Problem statement:
Exclude the pictures, and otherwise reproduce the data in full.

[Extracted data entries]
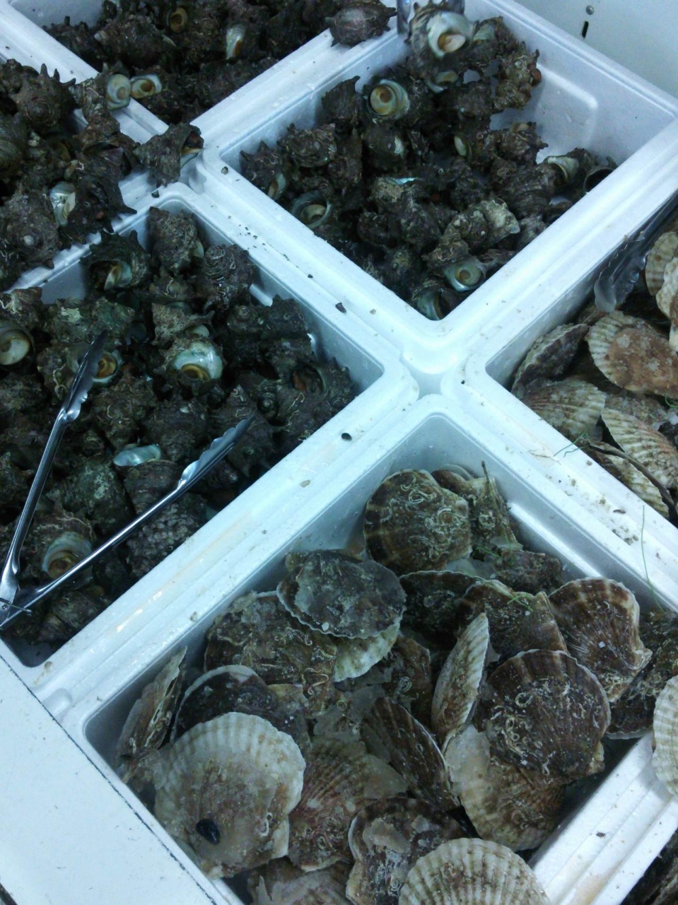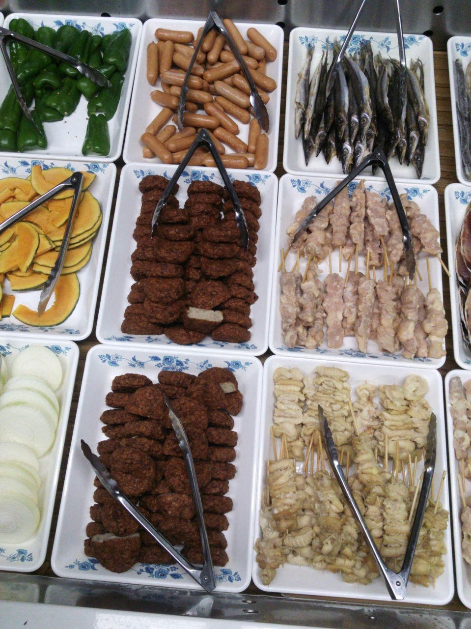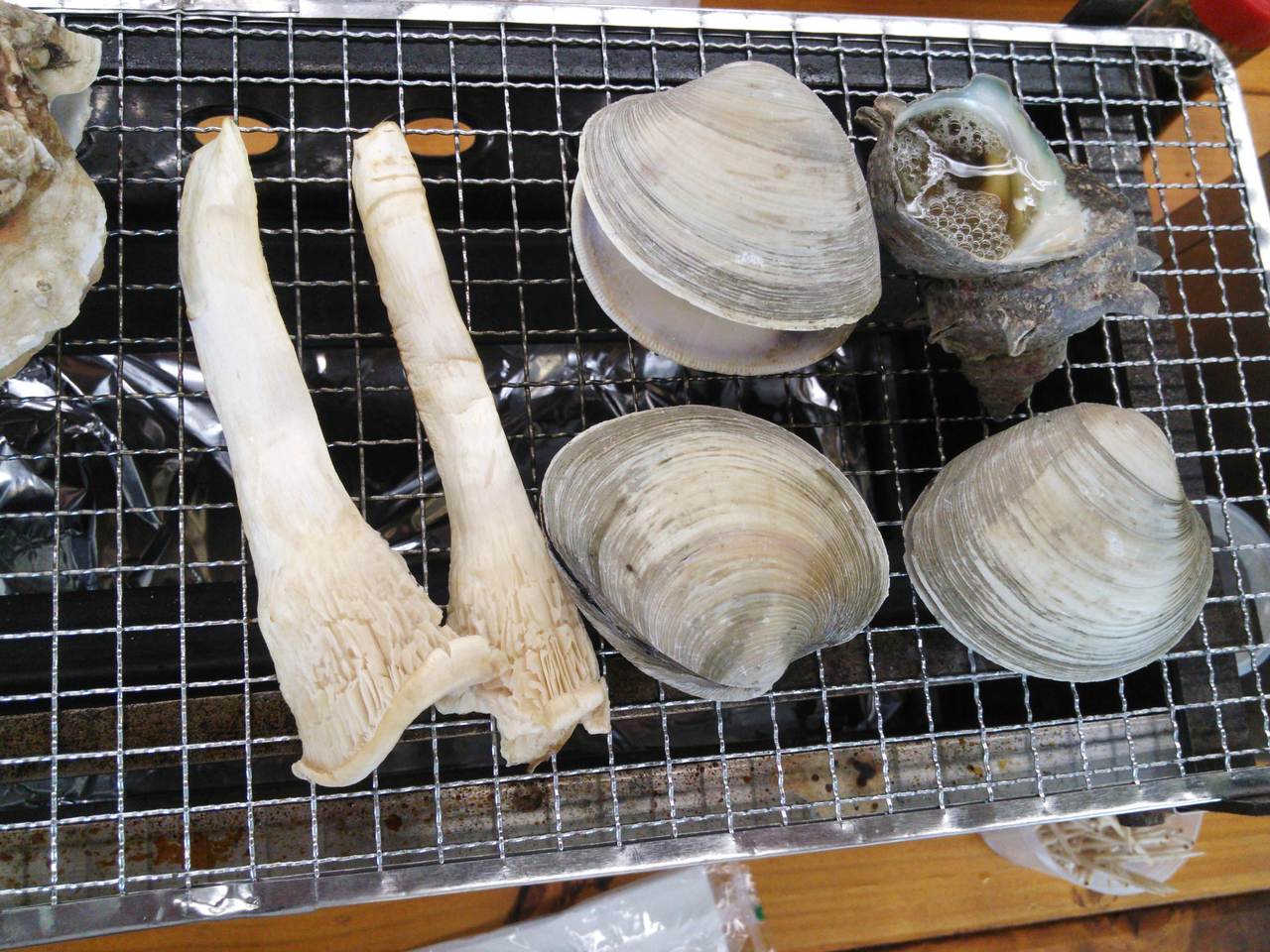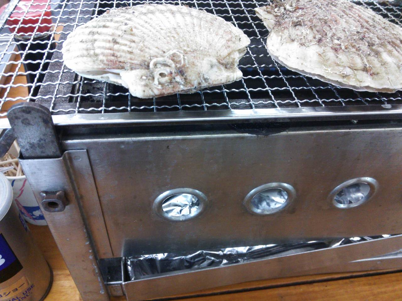 浜焼き、ということで、ホタテなどの貝類や肉などを目の前で、自由に焼いて食べる事が出来ます。
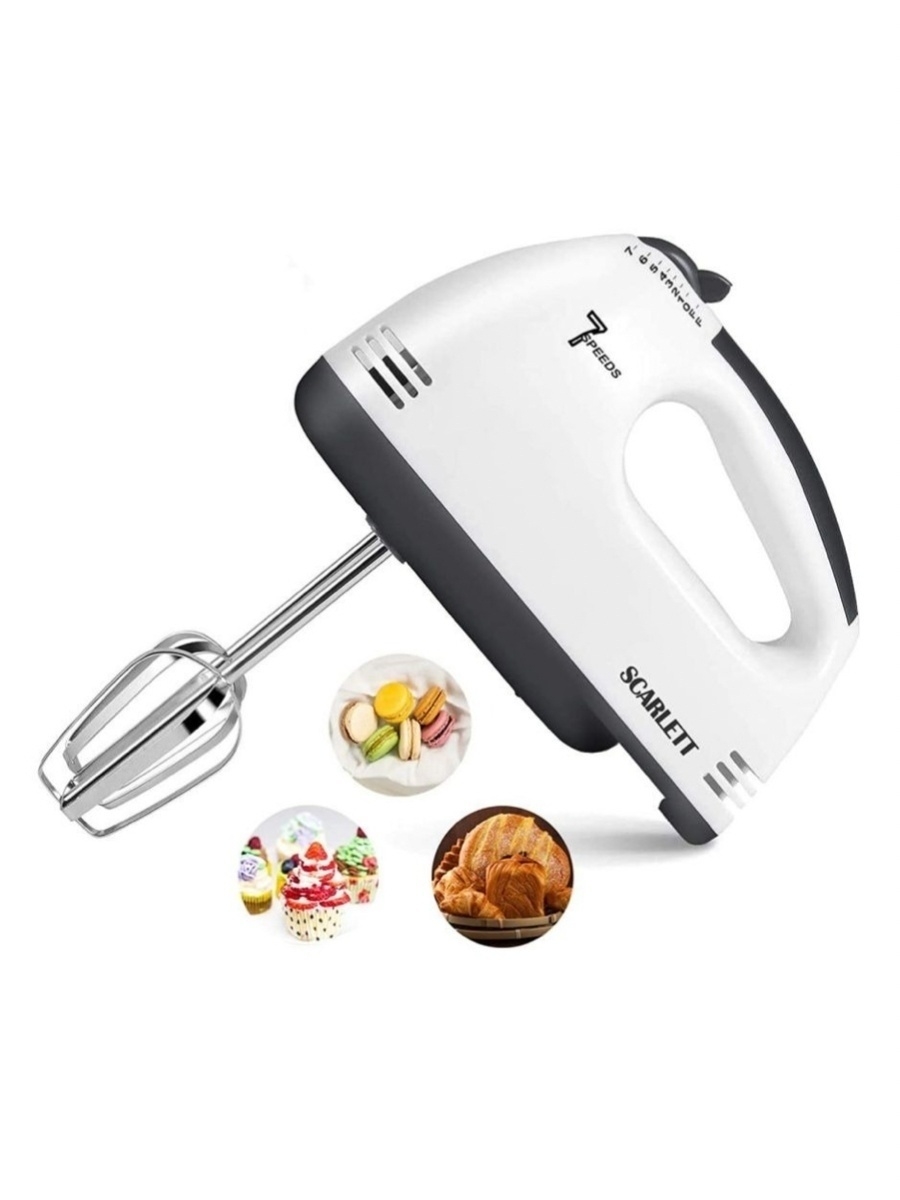 Міксер Scarlett HE-133 має безліч переваг: лаконічний дизайн, невелика вага, ергономічна ручка. Завдяки 7 швидкостям роботи, перемикати які зручно прямо в процесі роботи, легко довести будь-які інгредієнти до потрібної консистенції. Спеціальні насадки-гаки замішують тісто для кексів, пиріжків чи піци. Віночки для збивання впораються із приготуванням повітряного картопляного пюре, рідкого тіста для млинців.
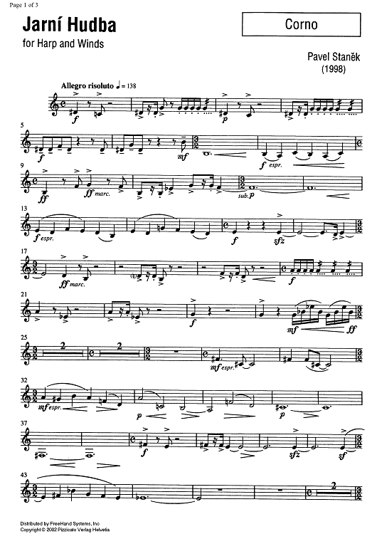 "Jarní Hudba (Spring music) - Horn" Sheet Music by Pavel Stanek
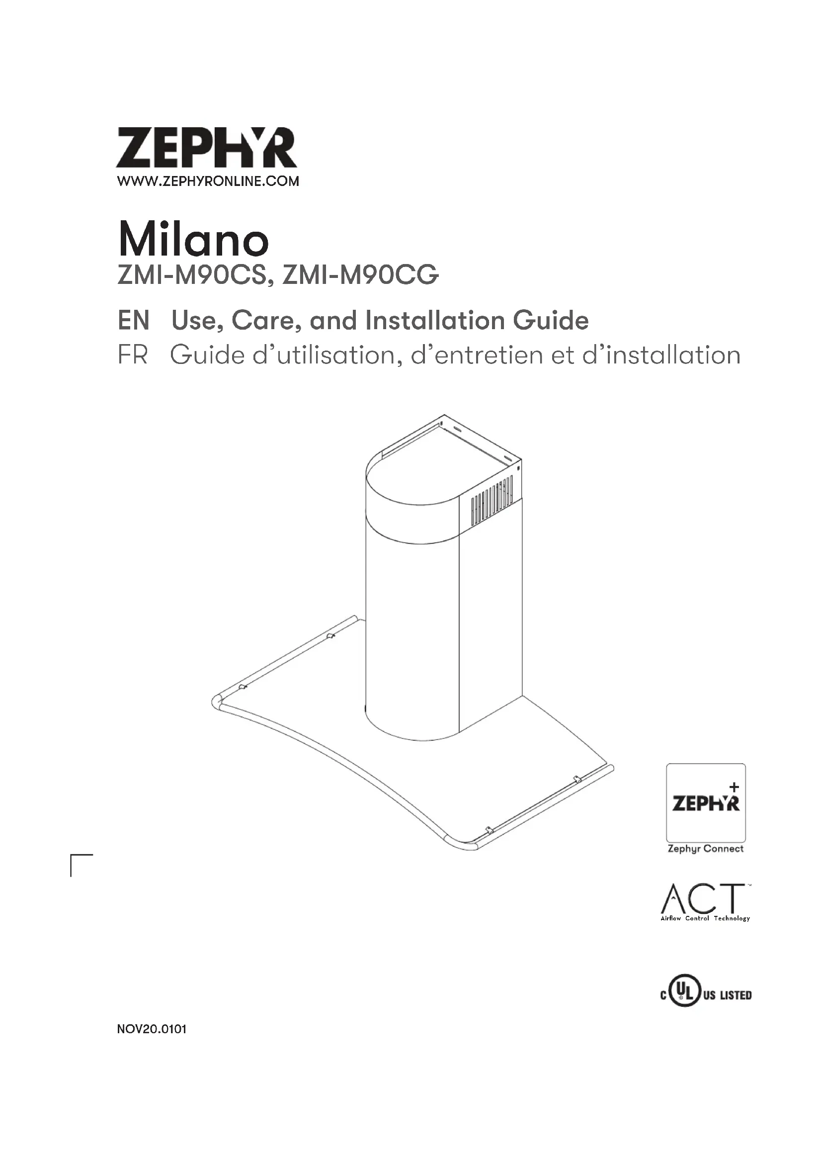 Modèle de capot Numéro d’article Quantité ZMI-M90CS 50200044 1 ZMI-M90CG 50200044 1 Pour commander des pièces, visitez-nous en ligne à http://store.zephyronline.com. FIG. F27 Milano Guide d’utilisation, d’entretien et d’installation ZEPHYRONLINE.COM Entretien LumiLight LED Dans le cas peu probable où votre LumiLight LED tombe en panne, veuillez contacter Zephyr pour commander des pièces de rechange.Voir la page de la liste des pièces et accessoires pour les numéros de pièces et les coordonnées.ĬĘĭė1. Retirez le filtre à mailles en aluminium.2. Retirez le panneau lumineux par deux vis.3. Débranchez le connecteur rapide de la lumière LED.4. Poussez les deux clips latéraux aux extrémités de la lumière LED.5. Poussez la lumière LED à travers l’ouverture du panneau lumineux. Poussez le clip FIG. G28 Milano Guide d’utilisation, d’entretien et d’installation MILANO MUR CORE Conversion ACT™ Ù¯ĠĬĻĭ Certains codes locaux limitent la quantité maximale de CFM qu’une hotte de cuisinière peut déplacer. ACT™ vous permet de contrôler le CFM maximum du ventilateur de certaines hottes de cuisinière Zephyr Ventilation sans avoir besoin de kits d’air d’appoint coûteux. ACT™ permet à l’installateur de régler facilement la vitesse maximale du ventilateur à l’un des trois niveaux CFM les plus couramment spécifiés; 590, 390 ou 290 CFM. L’utilisation d’ACT™ peut ne pas être nécessaire pour votre installation. Veuillez vérifier vos codes locaux pour les restrictions CFM.La hotte doit être débranchée de l’alimentation principale avant d’eectuer les instructions de conversion répertoriées ci-dessous. Ne pas le faire peut entraîner des blessures ou endommager le produit. AVERTISSEMENT Après avoir repositionné le cavalier et mis le capot sous tension, le CFM ne peut plus être changé. AVERTISSEMENT29 Milano Guide d’utilisation, d’entretien et d’installation ZEPHYRONLINE.COM Conversion ACT™ Activer ACT™ Pour activer ACT™:
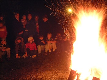 the bonfire sang Christmas carols while awaiting Santa's arrival. When
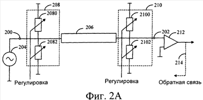 На фиг.2В показан пример, в котором согласующий компонент представляет собой направленный ответвитель 250 с четырьмя выводами 252-258. В этом примере к двум выводом 252, 254 подключены блоки 260, 262 регулируемого активного сопротивления, но в общем случае, по меньшей мере, один вывод связан с блоком регулируемого активного сопротивления.
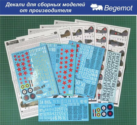 48-058 Деколь (Декаль) для сборной модели "Hawker Hurricane" в СССР 1/48 (BEGEMOT)
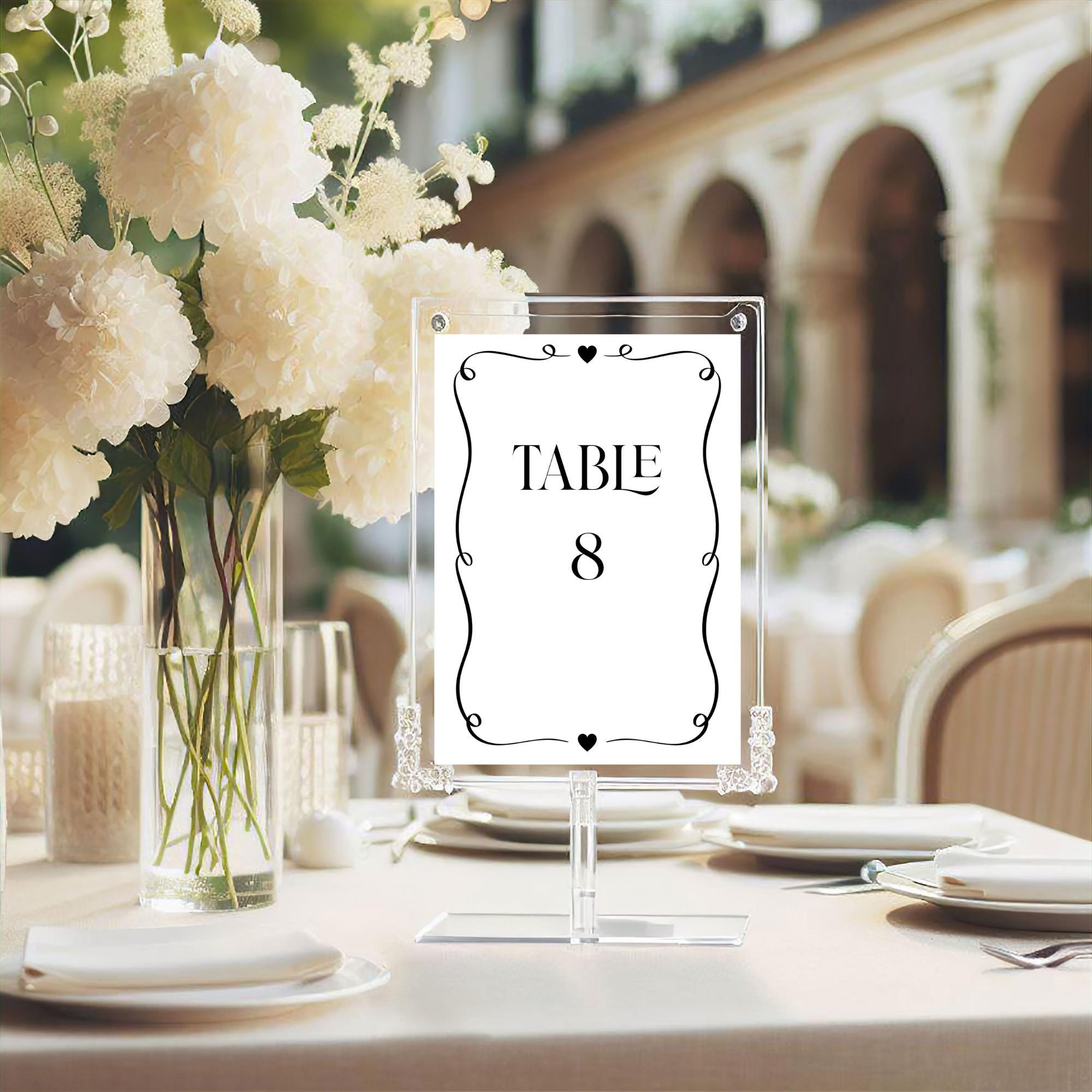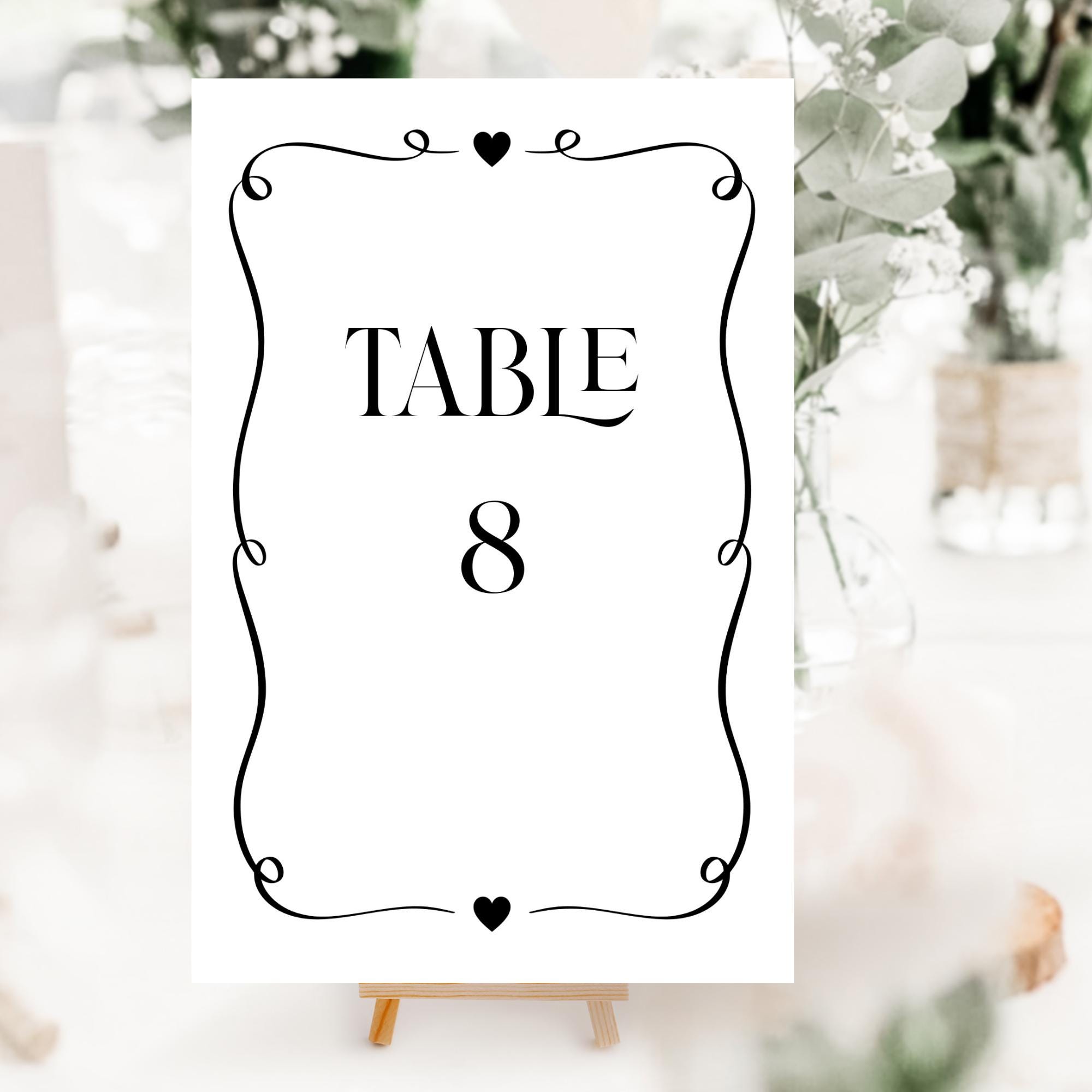 Modern Black and white Wedding Table Number Sign Template. An Instant download digital file for you to edit in your web browser with Templett straight after your purchase. Once personalized you are ready to print.

Result of the exercise:
 浜焼き、ということで、ホタテなどの貝類や肉などを目の前で、自由に焼いて食べる事が出来ます。
 Міксер Scarlett HE-133 має безліч переваг: лаконічний дизайн, невелика вага, ергономічна ручка. Завдяки 7 швидкостям роботи, перемикати які зручно прямо в процесі роботи, легко довести будь-які інгредієнти до потрібної консистенції. Спеціальні насадки-гаки замішують тісто для кексів, пиріжків чи піци. Віночки для збивання впораються із приготуванням повітряного картопляного пюре, рідкого тіста для млинців.
 "Jarní Hudba (Spring music) - Horn" Sheet Music by Pavel Stanek
 Modèle de capot Numéro d’article Quantité ZMI-M90CS 50200044 1 ZMI-M90CG 50200044 1 Pour commander des pièces, visitez-nous en ligne à http://store.zephyronline.com. FIG. F27 Milano Guide d’utilisation, d’entretien et d’installation ZEPHYRONLINE.COM Entretien LumiLight LED Dans le cas peu probable où votre LumiLight LED tombe en panne, veuillez contacter Zephyr pour commander des pièces de rechange.Voir la page de la liste des pièces et accessoires pour les numéros de pièces et les coordonnées.ĬĘĭė1. Retirez le filtre à mailles en aluminium.2. Retirez le panneau lumineux par deux vis.3. Débranchez le connecteur rapide de la lumière LED.4. Poussez les deux clips latéraux aux extrémités de la lumière LED.5. Poussez la lumière LED à travers l’ouverture du panneau lumineux. Poussez le clip FIG. G28 Milano Guide d’utilisation, d’entretien et d’installation MILANO MUR CORE Conversion ACT™ Ù¯ĠĬĻĭ Certains codes locaux limitent la quantité maximale de CFM qu’une hotte de cuisinière peut déplacer. ACT™ vous permet de contrôler le CFM maximum du ventilateur de certaines hottes de cuisinière Zephyr Ventilation sans avoir besoin de kits d’air d’appoint coûteux. ACT™ permet à l’installateur de régler facilement la vitesse maximale du ventilateur à l’un des trois niveaux CFM les plus couramment spécifiés; 590, 390 ou 290 CFM. L’utilisation d’ACT™ peut ne pas être nécessaire pour votre installation. Veuillez vérifier vos codes locaux pour les restrictions CFM.La hotte doit être débranchée de l’alimentation principale avant d’eectuer les instructions de conversion répertoriées ci-dessous. Ne pas le faire peut entraîner des blessures ou endommager le produit. AVERTISSEMENT Après avoir repositionné le cavalier et mis le capot sous tension, le CFM ne peut plus être changé. AVERTISSEMENT29 Milano Guide d’utilisation, d’entretien et d’installation ZEPHYRONLINE.COM Conversion ACT™ Activer ACT™ Pour activer ACT™:
 the bonfire sang Christmas carols while awaiting Santa's arrival. When
 На фиг.2В показан пример, в котором согласующий компонент представляет собой направленный ответвитель 250 с четырьмя выводами 252-258. В этом примере к двум выводом 252, 254 подключены блоки 260, 262 регулируемого активного сопротивления, но в общем случае, по меньшей мере, один вывод связан с блоком регулируемого активного сопротивления.
 48-058 Деколь (Декаль) для сборной модели "Hawker Hurricane" в СССР 1/48 (BEGEMOT)
 Modern Black and white Wedding Table Number Sign Template. An Instant download digital file for you to edit in your web browser with Templett straight after your purchase. Once personalized you are ready to print.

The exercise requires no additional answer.